Saved data entries:
⟨

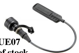
SureFire UE07 100.- out of stock
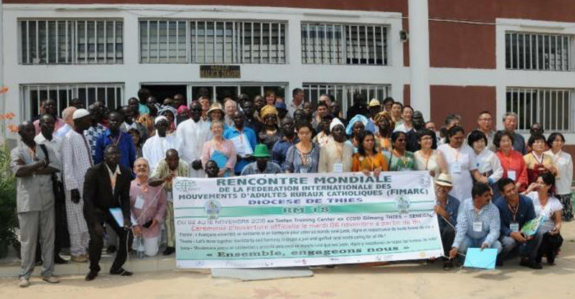
The participants of 15 th FIMARC World Assembly
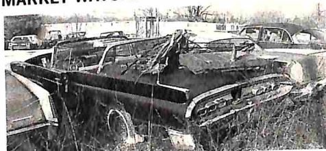
Kentucky salvage yard ... 13
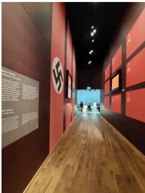
Fig. 10: Corridor to the section on “Collusion between Hitler and Stalin” at the Museum of the Second World War in Gdansk, Poland.

The exhibition highlights the contrast between the idealised depiction of the world presented by the official propaganda of the three European totalitarian regimes and the harsh realities of repression, ruthless rule, collectivisation and the Great Famine of the 1930s in Ukraine. This contrast aims to reveal the darker sides of totalitarian regimes and their impact on society. Additionally, the exhibition explains the role of totalitarian ideologies in instigating the Second World War. The exhibition presents the Soviet Union as a communist state of mass terror. This narrative is illustrated by exhibits in the form of an original hand-mill from a village in Ukraine; a Nagan revolver – part of the equipment of the Red Army and Soviet security organs in
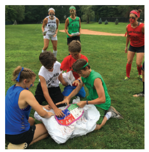
All four runners unwrapping and searching for their batons!
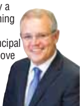
Australian PM —Scott Morrison

I think home quarantine can play a role in the future and it’s something that is being considered by the Australian Health Protection Principal Committee, particularly as we move beyond the phase we’re in now.
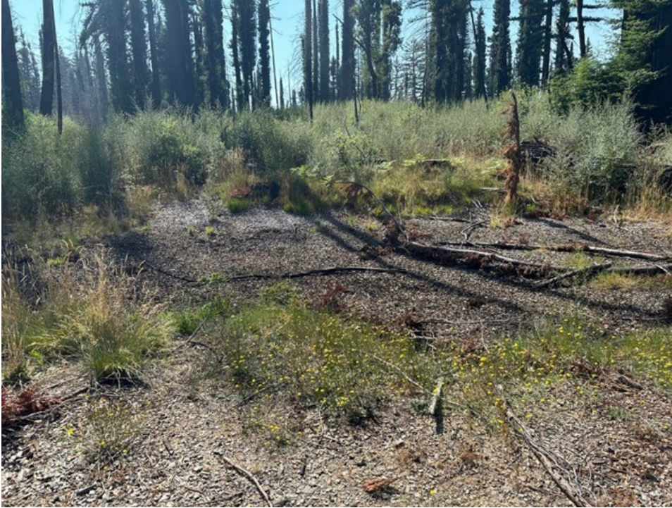
Photo 6 Footprint of Garage 8-10, view northwest
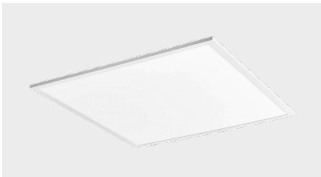
Pannello LED (27 W)
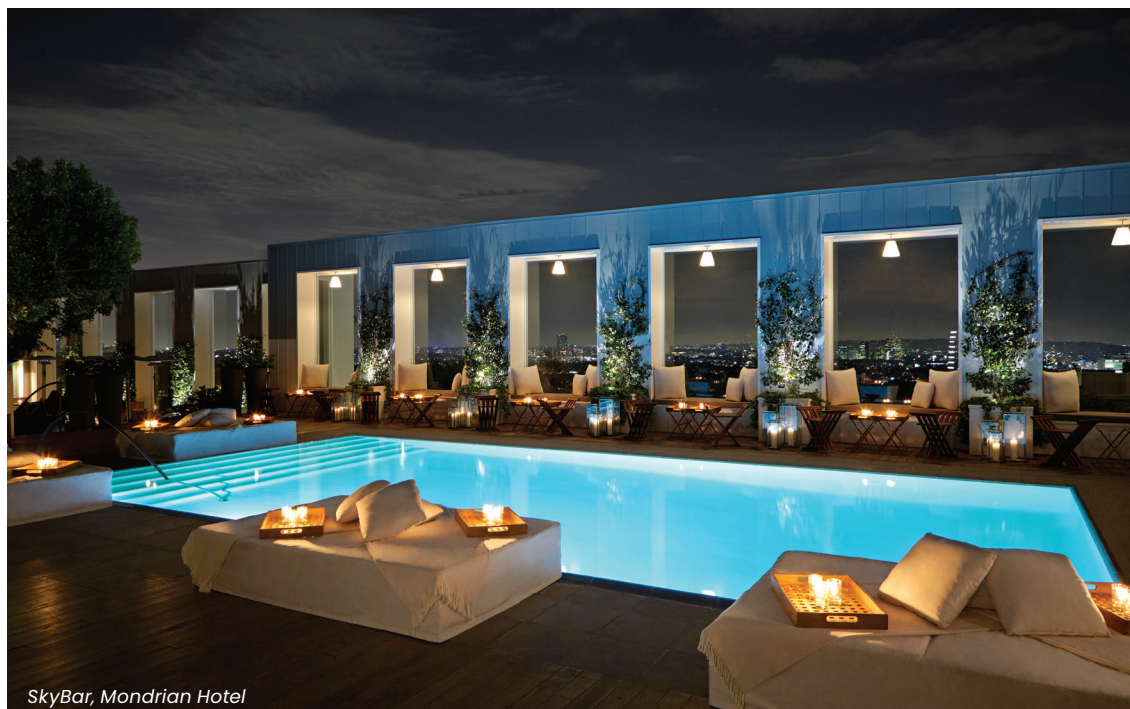
SkyBar, Mondrian Hotel
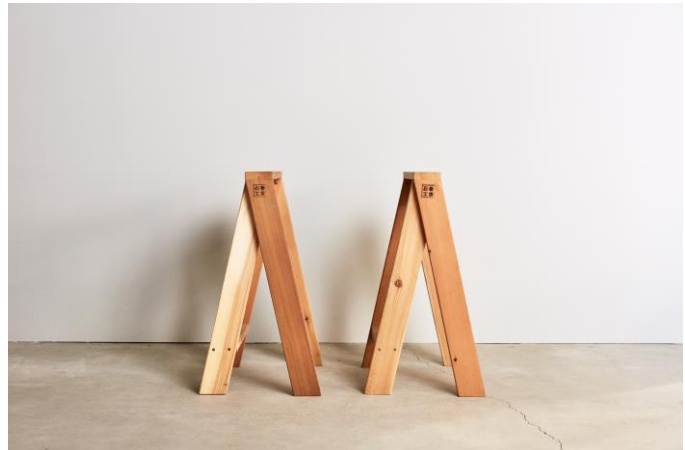
■AA HIGH STOOL

The shop design was commissioned to Torafu Architects which will also design the GOOD DESIGN EXHIBITION 2018 venue layout.
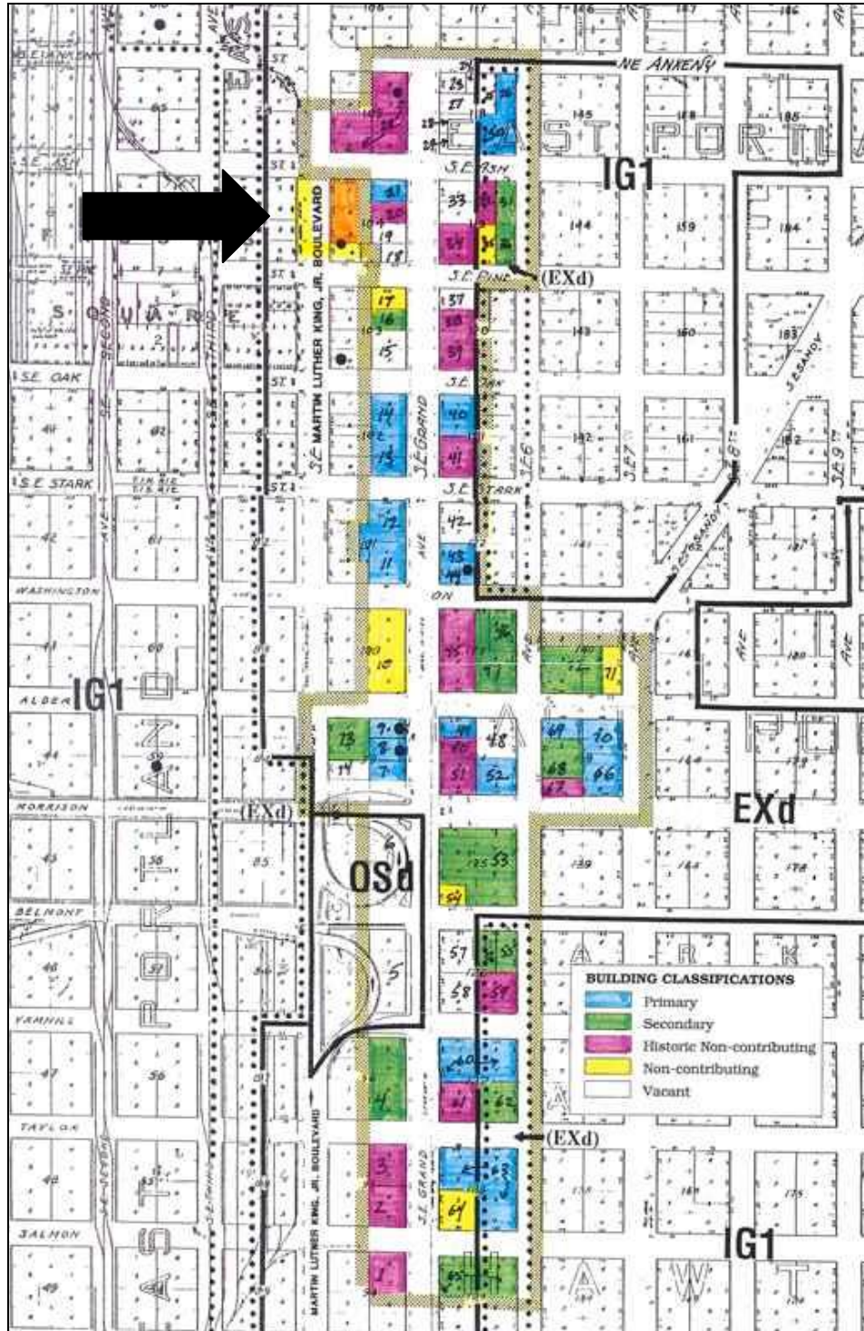
Figure 2: Amended 1991 Building Classifications map showing revised District boundary

⟩

[TASK TO CARRY OUT] Find each line above that contains "Australian", and copy those lines.

[RESPONSE FOR THIS EXERCISE]
Australian PM —Scott Morrison
I think home quarantine can play a role in the future and it’s something that is being considered by the Australian Health Protection Principal Committee, particularly as we move beyond the phase we’re in now.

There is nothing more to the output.